Non à la mainmise des promoteurs sur notre patrimoine historique

Sans doute plus de 500 personnes se sont rassemblées, ce samedi 5 novembre à Douarnenez, pour exprimer leur opposition à la vente de l’Abri du Marin à un promoteur privé spécialisé dans la réalisation de logements de luxe au sein de bâtiments historiques.

Les abris du marin étaient des lieux d’accueil à destination des marins pêcheurs, en particulier des marins pêcheurs de passage, fondés au début du 20ᵉ siècle par Jacques de Thézac, un philanthrope catholique. Implantés dans 15 ports de Bretagne, ce n’étaient pas seulement des foyers d’hébergement, mais aussi des lieux de formation et d’éducation populaire (grâce, entre autres, à l’Almanach du Marin Breton, fondé en 1899 par Jacques de Thézac).
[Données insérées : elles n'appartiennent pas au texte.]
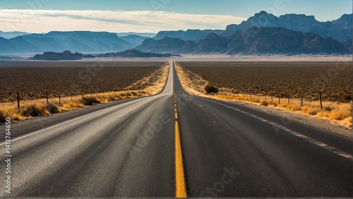 Fototapeta premium Endless Asphalt: A Journey Through the Desert Landscape, Where the Open Road Meets the Distant Mountain Ranges.
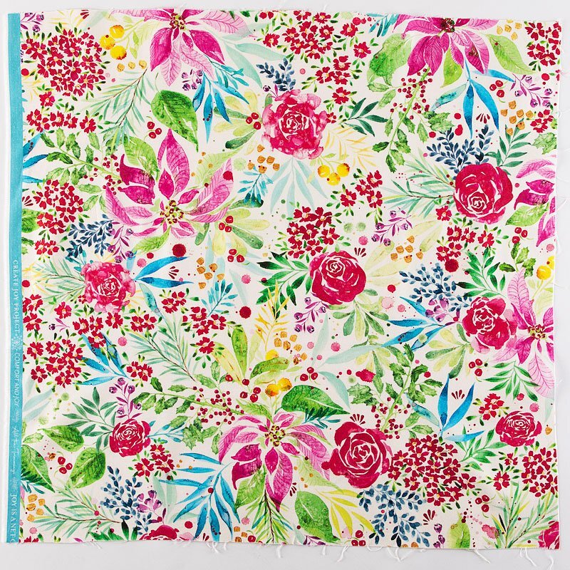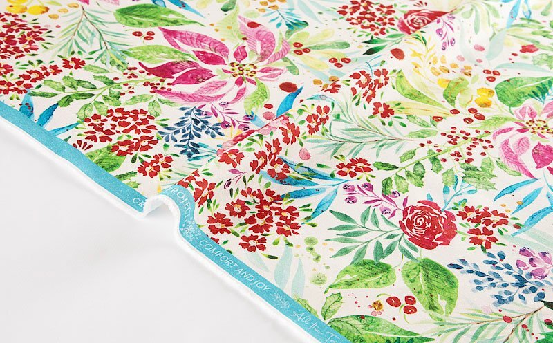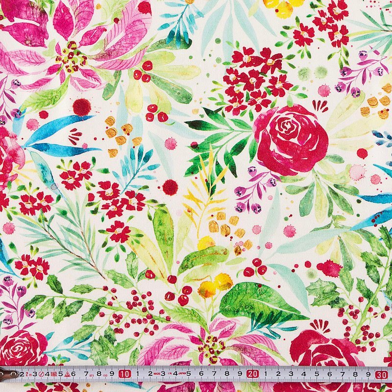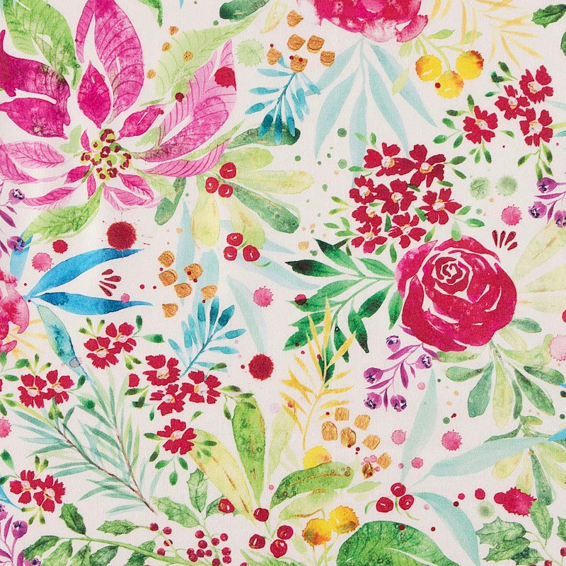 輝かしいピンクやライムグリーンで色付けられたポインセチアや真っ赤なバラやヤドリギの果実が楽しく彩るクリスマス柄。
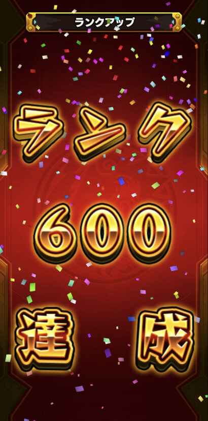 4手抜けが上手くいかなかったりもありましたが、周回を重ねてランク600に到達✨
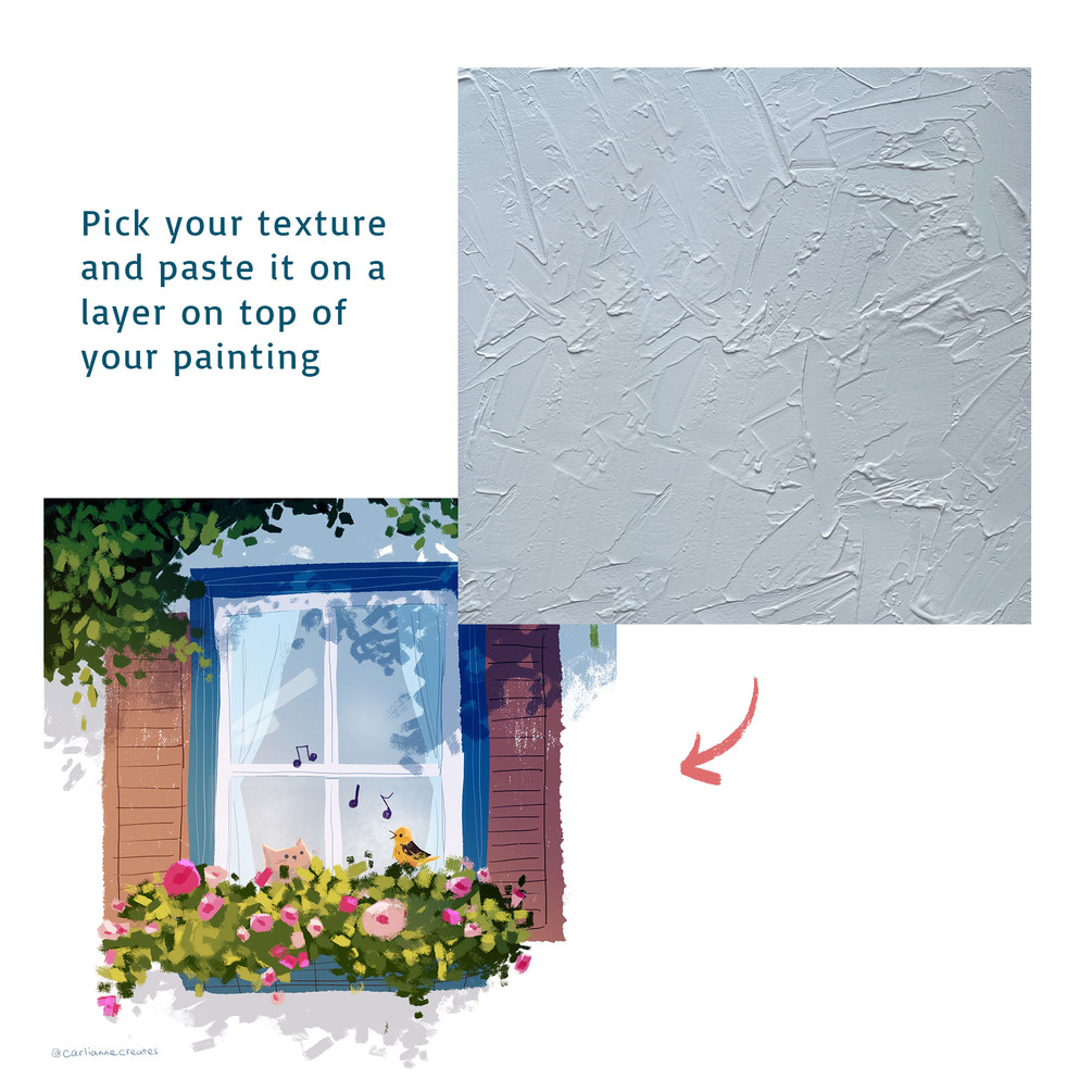 To use these textures, place them on a layer above your paint layer and set the layer style to overlay. You may need to adjust how light or dark the texture is to match your painting. Then adjust the opacity so it becomes more subtle.
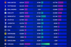 體育資訊9月5日訊 今夏轉(zhuǎn)會市場格外火熱,《轉(zhuǎn)會市場》也統(tǒng)計了20支歐洲球隊的支出、收入及盈虧情況。
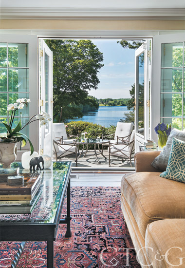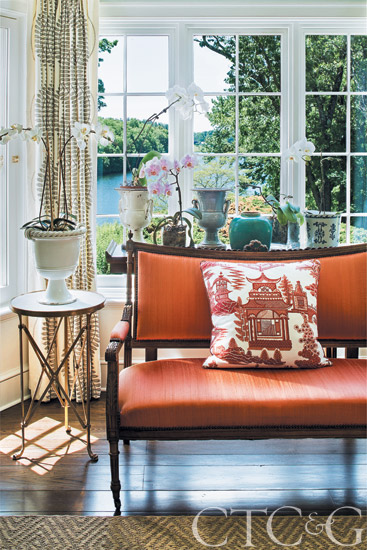 In the family room the sofa and chairs are covered in Kravet fabrics. The Tibetan rug is from Kaoud Carpets & Rugs; antique bench is from Antique & Artisan Center.
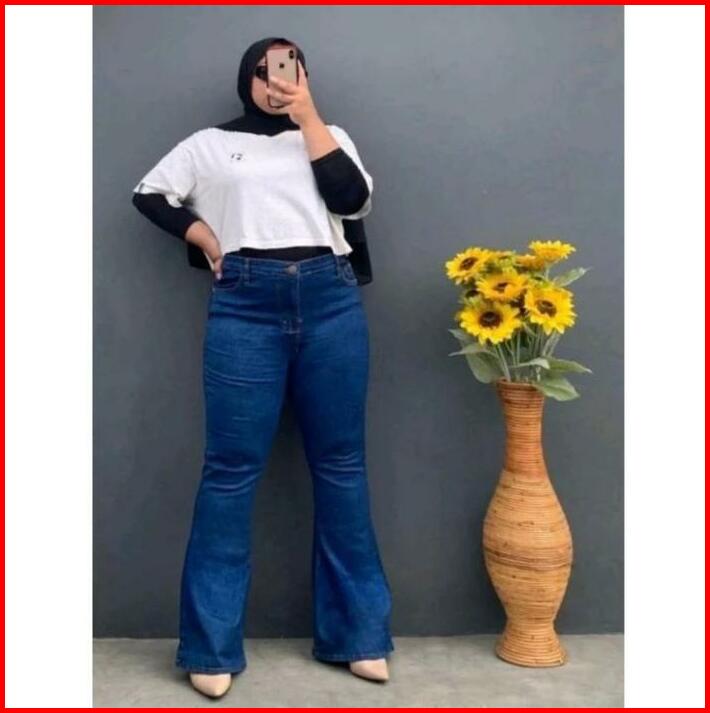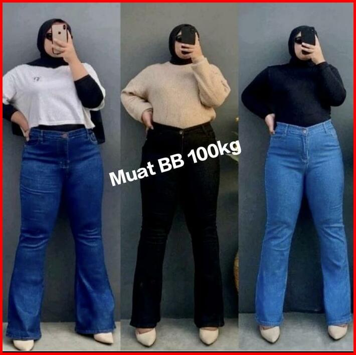 Cutbray Wanita Jumbo Jeans Highwaist Vol.2 Panjang Stretch Hitam Celana Cewek Regular Celana Panjang Denim
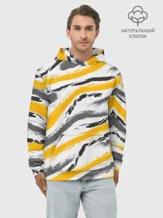 Худи мужской база хлопок / Серый-желтый
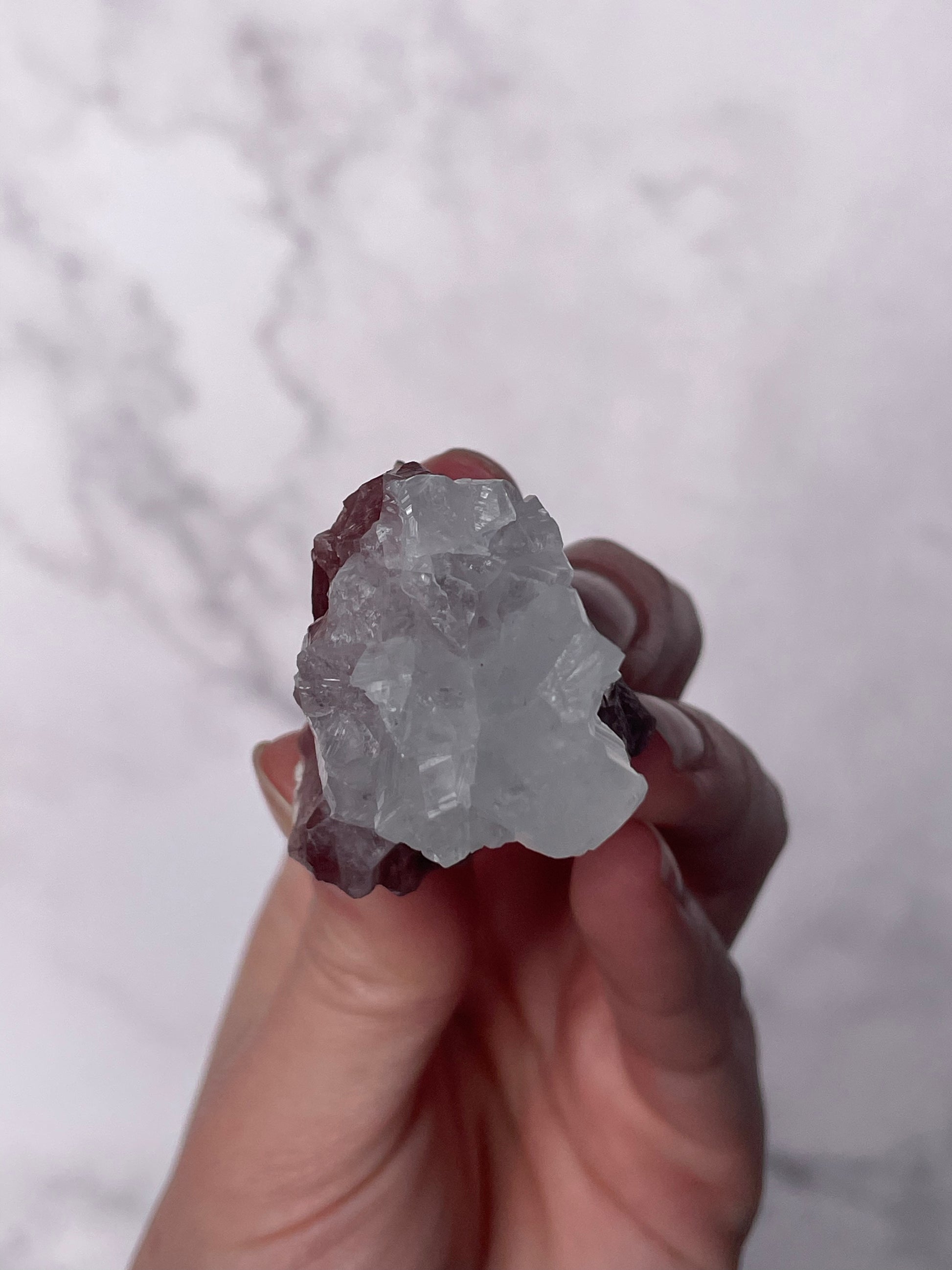 Handle gently, as Apophyllite is delicate and water-sensitive. Avoid soaking or harsh chemicals.
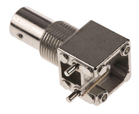 This is Right Angle 50Ω Through Hole Bulkhead Fitting BNC Connector jack Nickel Solder Termination manufactured by TE Connectivity. The manufacturer part number is 1-1337494-0. The body is nickel plated for adorable look and strength. The product is available in pcb mount configuration. In addition, female is the available "Gender" of the product. It has right angle body orientation. This coaxial connector is a type of bnc connector. It has a bulkhead yes . The high-quality gold over nickel over copper is used as contact plating material. It allows through hole termination method. Furthermore, the product has 0 to 4ghz operating frequency range. It has an impedance value of 50ω. It has a maximum operating temperature of +85°c. Whereas, the minimum operating temperature of the product is -55°c. The product is made from sturdy brass materials.
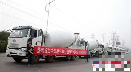 今年,受宏觀調控的影響,混凝土行業回暖,運輸需求增加,該客戶計劃增車。雖然有諸多廠家的推介,但終還是選擇了高性價比的解放底盤和中集凌宇上裝的攪拌車,并且一次性采購30臺,合同金額達1500多萬。
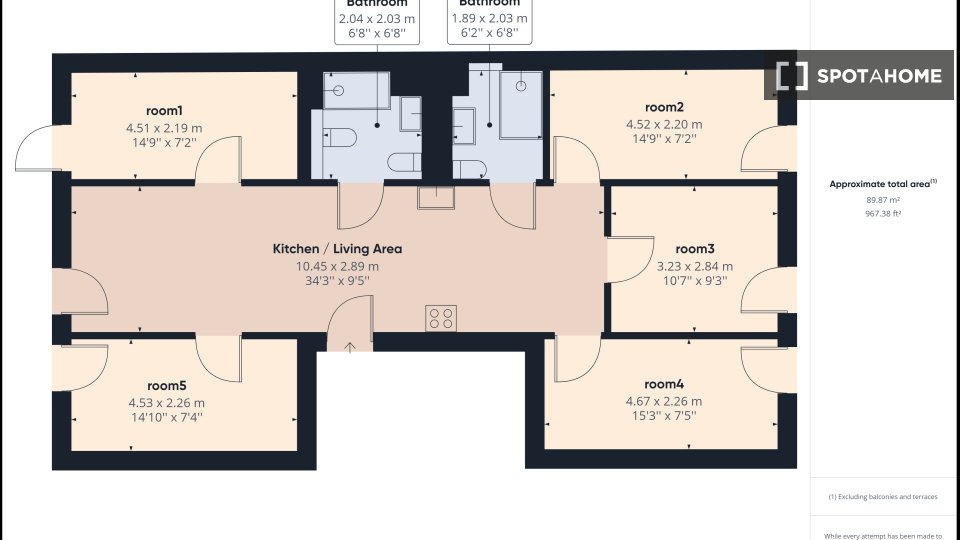 The flat is a 5-room flat-share with a shared kitchen and two bathrooms.
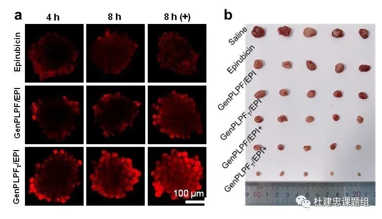图2(a)体外三阴性乳腺癌模型模拟多肽纳米凝胶的渗透性能;(b)体内抗肿瘤效果。
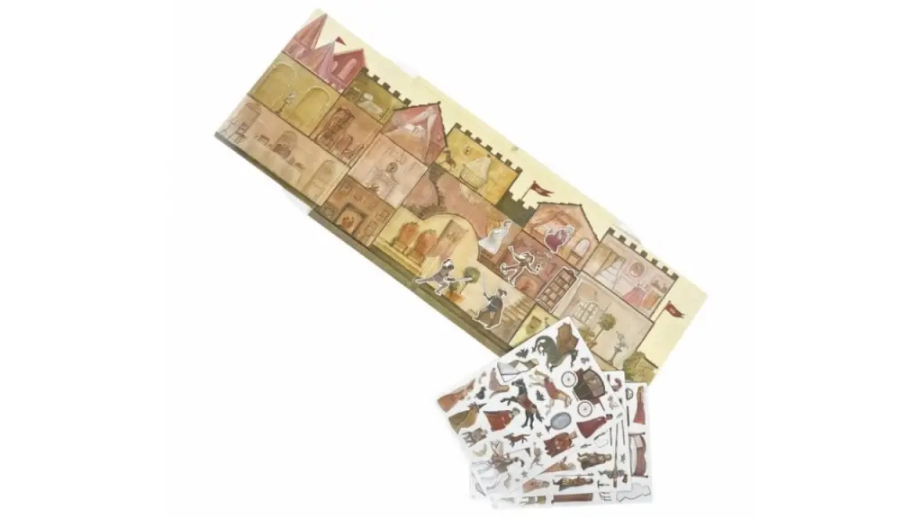 Această carte magnetică pliabilă îi permite copilului tău să creeze povești atât în interiorul, cât și în exteriorul castelului.
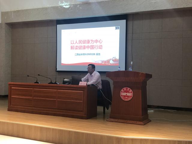 2019年11月15日下午3:00,江西省体育科学研究所裘艺研究员在公司产教融合中心报告厅开展以“以人民健康为中心,解读健康中国行动”为主题的讲座,本次讲座由PA视讯平台副经理傅超主持,体育员工师生到场聆听。
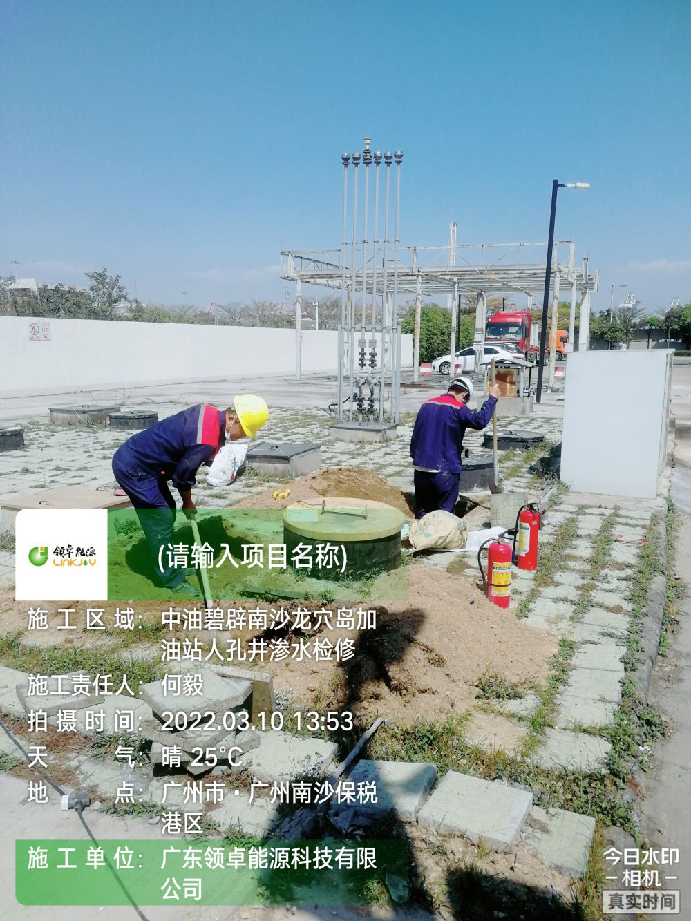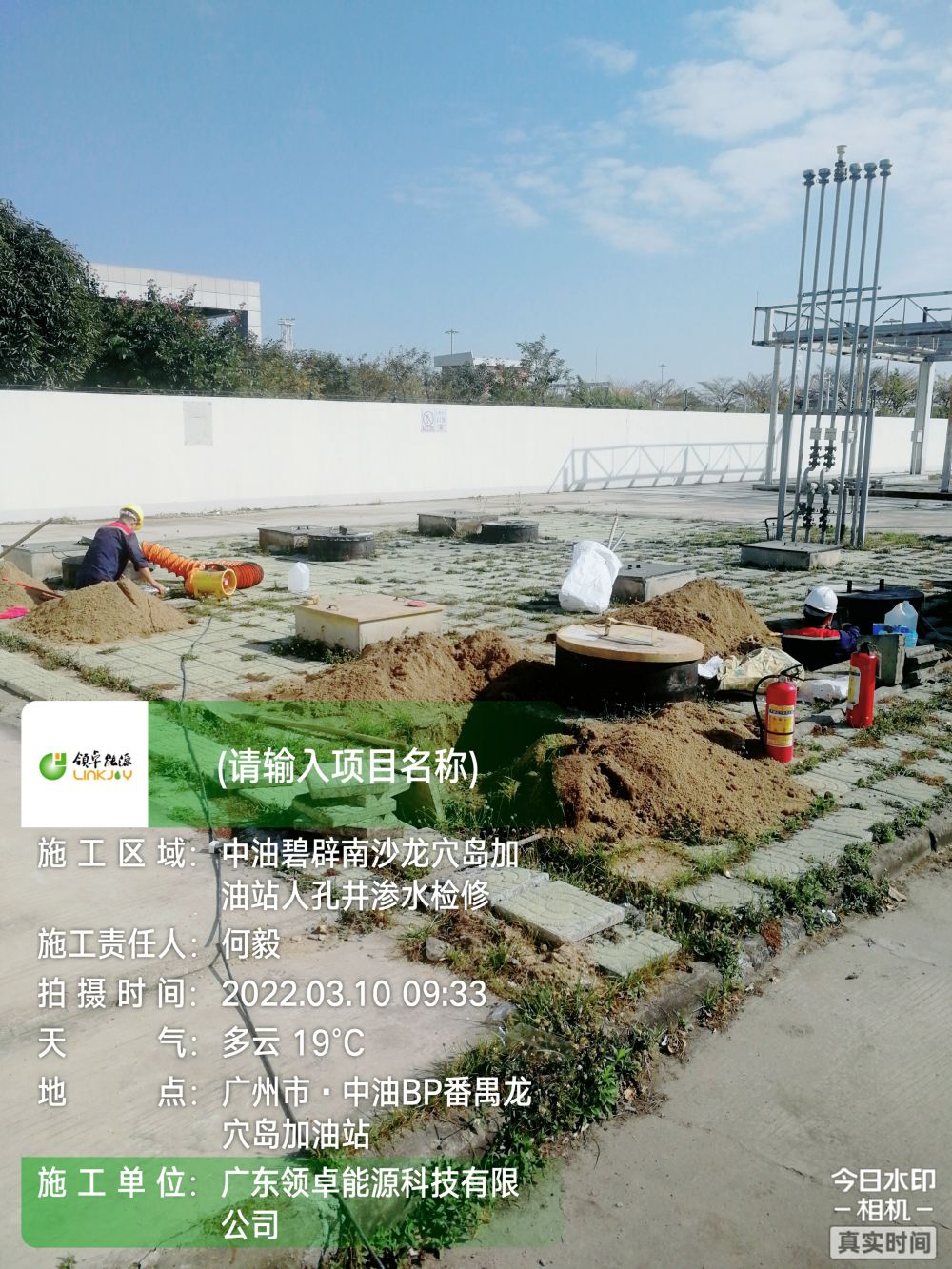 中油碧辟南沙龙穴岛加油站人孔井渗水磨练
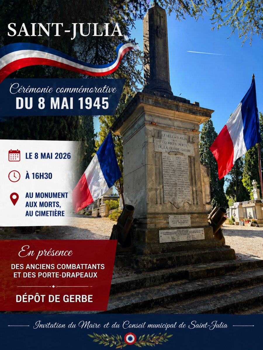 Le Maire et le Conseil municipal de Saint-Julia vous invitent à la cérémonie commémorative de la Victoire du 8 mai 1945.
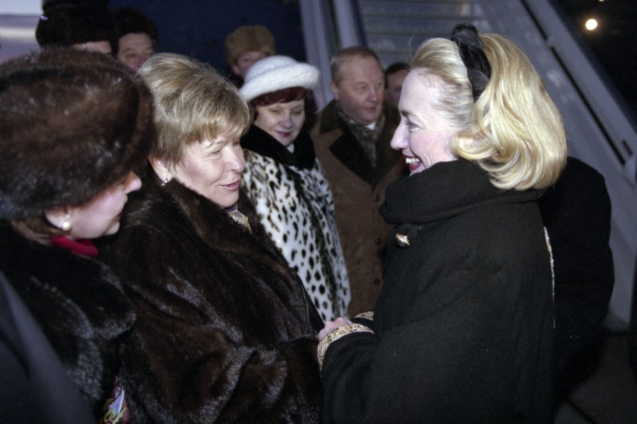 Встреча супруги президента РФ Наины Ельциной с супругой президента США Хиллари Клинтов в г. Екатеринбурге. Во время встречи в аэропорту

Celui de Douarnenez, ouvert en 1912, a été acheté par la Ville au milieu des années 70 et revendu aux éditions Le Chasse Marée (revue de culture maritime) en 1981. Le bâtiment a été inscrit au titre des monuments historiques en 1987. Les éditions Le Chasse Marée ont été reprises par le groupe Ouest France et le bâtiment revendu, en 2018, à une avocate d’affaires pour la somme de 290 000 €. Cette dernière annonçait alors son intention d’y créer un lieu d’art contemporain (« La maison des lumières ») qui n’a jamais vu le jour.

Manifestation à Douarnenez

Manifestation à Douarnenez le 5 novembre, Photo : JLG

Quatre ans après cette acquisition, ce qui met de nombreux habitants en ébullition, c’est l’annonce de la revente de l’Abri du Marin à un groupe immobilier bordelais, avec sans doute à la clé une coquette plus-value pour la vendeuse. Une première mise en vente, il y a un an dans le réseau immobilier Sotheby’s (et qui n’avait pas abouti), était alors indiquée à plus de 900 000 €. Le nouvel acquéreur compte y réaliser 9 logements « haut de gamme » : de 224 500 € pour un T1 de 28,5 m² à 517 500 € pour un T3 de 75,6 m². Le tout en profitant d’une défiscalisation dite « dispositif monuments historiques » qui permet aux investisseurs de déduire, sans plafonnement de leurs revenus fonciers et de leur revenu global, les travaux de rénovation ainsi que les intérêts d’emprunt et frais assimilés. En d’autres termes, c’est le contribuable qui va en grande partie financer cette opération spéculative.

Cette affaire est emblématique des dérives de la spéculation immobilière et d’une forme de gentrification qu’on constate dans de très nombreuses communes bretonnes, en particulier sur le littoral. D’autant plus emblématique qu’elle concerne un immeuble ayant eu une vocation sociale à sa création. Sous l’effet de l’explosion des coûts immobiliers, de la pression touristique, du développement des plateformes de location de courte durée (airbnb …) et de la multiplication des résidences secondaires, il devient de plus en plus difficile de se loger dignement et à un prix abordable pour une partie importante de la population. Cette situation suscite un mouvement de mobilisation dans de nombreux endroits, mouvement de mobilisation qui pourrait s’étendre à l’échelle régionale dans les prochains mois.